Data entries:

______________________________

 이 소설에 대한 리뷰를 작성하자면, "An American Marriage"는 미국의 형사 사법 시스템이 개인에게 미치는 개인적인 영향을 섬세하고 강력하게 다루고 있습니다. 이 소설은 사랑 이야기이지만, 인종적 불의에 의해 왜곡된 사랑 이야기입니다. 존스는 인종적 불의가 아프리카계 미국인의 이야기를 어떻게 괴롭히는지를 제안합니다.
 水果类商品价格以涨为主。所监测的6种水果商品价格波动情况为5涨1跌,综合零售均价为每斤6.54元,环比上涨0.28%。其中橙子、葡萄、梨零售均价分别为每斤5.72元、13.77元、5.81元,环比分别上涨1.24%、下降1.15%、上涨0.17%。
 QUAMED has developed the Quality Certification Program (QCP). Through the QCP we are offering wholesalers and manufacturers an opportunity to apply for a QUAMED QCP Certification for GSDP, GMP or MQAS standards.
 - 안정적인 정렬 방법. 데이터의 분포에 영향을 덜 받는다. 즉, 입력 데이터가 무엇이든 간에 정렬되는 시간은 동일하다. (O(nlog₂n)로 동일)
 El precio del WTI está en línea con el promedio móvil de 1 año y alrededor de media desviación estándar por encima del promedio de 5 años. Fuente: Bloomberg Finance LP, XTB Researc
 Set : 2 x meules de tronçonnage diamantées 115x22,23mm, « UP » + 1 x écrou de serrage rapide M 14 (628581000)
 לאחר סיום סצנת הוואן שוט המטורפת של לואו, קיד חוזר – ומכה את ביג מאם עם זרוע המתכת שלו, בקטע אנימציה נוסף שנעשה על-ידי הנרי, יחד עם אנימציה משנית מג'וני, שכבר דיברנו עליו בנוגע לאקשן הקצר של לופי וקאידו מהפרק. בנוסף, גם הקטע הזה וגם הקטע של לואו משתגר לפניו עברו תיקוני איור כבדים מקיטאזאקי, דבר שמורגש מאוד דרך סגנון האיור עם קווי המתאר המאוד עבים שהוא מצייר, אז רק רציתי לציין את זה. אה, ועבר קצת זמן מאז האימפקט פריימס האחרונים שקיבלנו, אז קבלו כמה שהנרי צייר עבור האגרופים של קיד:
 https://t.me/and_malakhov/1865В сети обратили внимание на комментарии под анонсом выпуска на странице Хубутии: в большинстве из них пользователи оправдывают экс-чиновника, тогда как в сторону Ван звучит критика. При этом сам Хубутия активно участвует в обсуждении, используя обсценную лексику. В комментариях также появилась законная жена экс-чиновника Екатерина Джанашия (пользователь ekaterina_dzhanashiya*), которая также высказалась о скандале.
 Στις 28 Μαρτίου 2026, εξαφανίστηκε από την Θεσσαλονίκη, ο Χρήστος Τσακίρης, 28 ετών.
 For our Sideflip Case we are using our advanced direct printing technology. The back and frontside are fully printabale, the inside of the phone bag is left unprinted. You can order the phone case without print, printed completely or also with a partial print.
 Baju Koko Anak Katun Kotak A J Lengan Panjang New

______________________________

▸ Task objective:
Every entry should be reproduced exactly, with no part omitted.

▸ The completed task:
 이 소설에 대한 리뷰를 작성하자면, "An American Marriage"는 미국의 형사 사법 시스템이 개인에게 미치는 개인적인 영향을 섬세하고 강력하게 다루고 있습니다. 이 소설은 사랑 이야기이지만, 인종적 불의에 의해 왜곡된 사랑 이야기입니다. 존스는 인종적 불의가 아프리카계 미국인의 이야기를 어떻게 괴롭히는지를 제안합니다.
 水果类商品价格以涨为主。所监测的6种水果商品价格波动情况为5涨1跌,综合零售均价为每斤6.54元,环比上涨0.28%。其中橙子、葡萄、梨零售均价分别为每斤5.72元、13.77元、5.81元,环比分别上涨1.24%、下降1.15%、上涨0.17%。
 QUAMED has developed the Quality Certification Program (QCP). Through the QCP we are offering wholesalers and manufacturers an opportunity to apply for a QUAMED QCP Certification for GSDP, GMP or MQAS standards.
 - 안정적인 정렬 방법. 데이터의 분포에 영향을 덜 받는다. 즉, 입력 데이터가 무엇이든 간에 정렬되는 시간은 동일하다. (O(nlog₂n)로 동일)
 El precio del WTI está en línea con el promedio móvil de 1 año y alrededor de media desviación estándar por encima del promedio de 5 años. Fuente: Bloomberg Finance LP, XTB Researc
 Set : 2 x meules de tronçonnage diamantées 115x22,23mm, « UP » + 1 x écrou de serrage rapide M 14 (628581000)
 לאחר סיום סצנת הוואן שוט המטורפת של לואו, קיד חוזר – ומכה את ביג מאם עם זרוע המתכת שלו, בקטע אנימציה נוסף שנעשה על-ידי הנרי, יחד עם אנימציה משנית מג'וני, שכבר דיברנו עליו בנוגע לאקשן הקצר של לופי וקאידו מהפרק. בנוסף, גם הקטע הזה וגם הקטע של לואו משתגר לפניו עברו תיקוני איור כבדים מקיטאזאקי, דבר שמורגש מאוד דרך סגנון האיור עם קווי המתאר המאוד עבים שהוא מצייר, אז רק רציתי לציין את זה. אה, ועבר קצת זמן מאז האימפקט פריימס האחרונים שקיבלנו, אז קבלו כמה שהנרי צייר עבור האגרופים של קיד:
 https://t.me/and_malakhov/1865В сети обратили внимание на комментарии под анонсом выпуска на странице Хубутии: в большинстве из них пользователи оправдывают экс-чиновника, тогда как в сторону Ван звучит критика. При этом сам Хубутия активно участвует в обсуждении, используя обсценную лексику. В комментариях также появилась законная жена экс-чиновника Екатерина Джанашия (пользователь ekaterina_dzhanashiya*), которая также высказалась о скандале.
 Στις 28 Μαρτίου 2026, εξαφανίστηκε από την Θεσσαλονίκη, ο Χρήστος Τσακίρης, 28 ετών.
 For our Sideflip Case we are using our advanced direct printing technology. The back and frontside are fully printabale, the inside of the phone bag is left unprinted. You can order the phone case without print, printed completely or also with a partial print.
 Baju Koko Anak Katun Kotak A J Lengan Panjang New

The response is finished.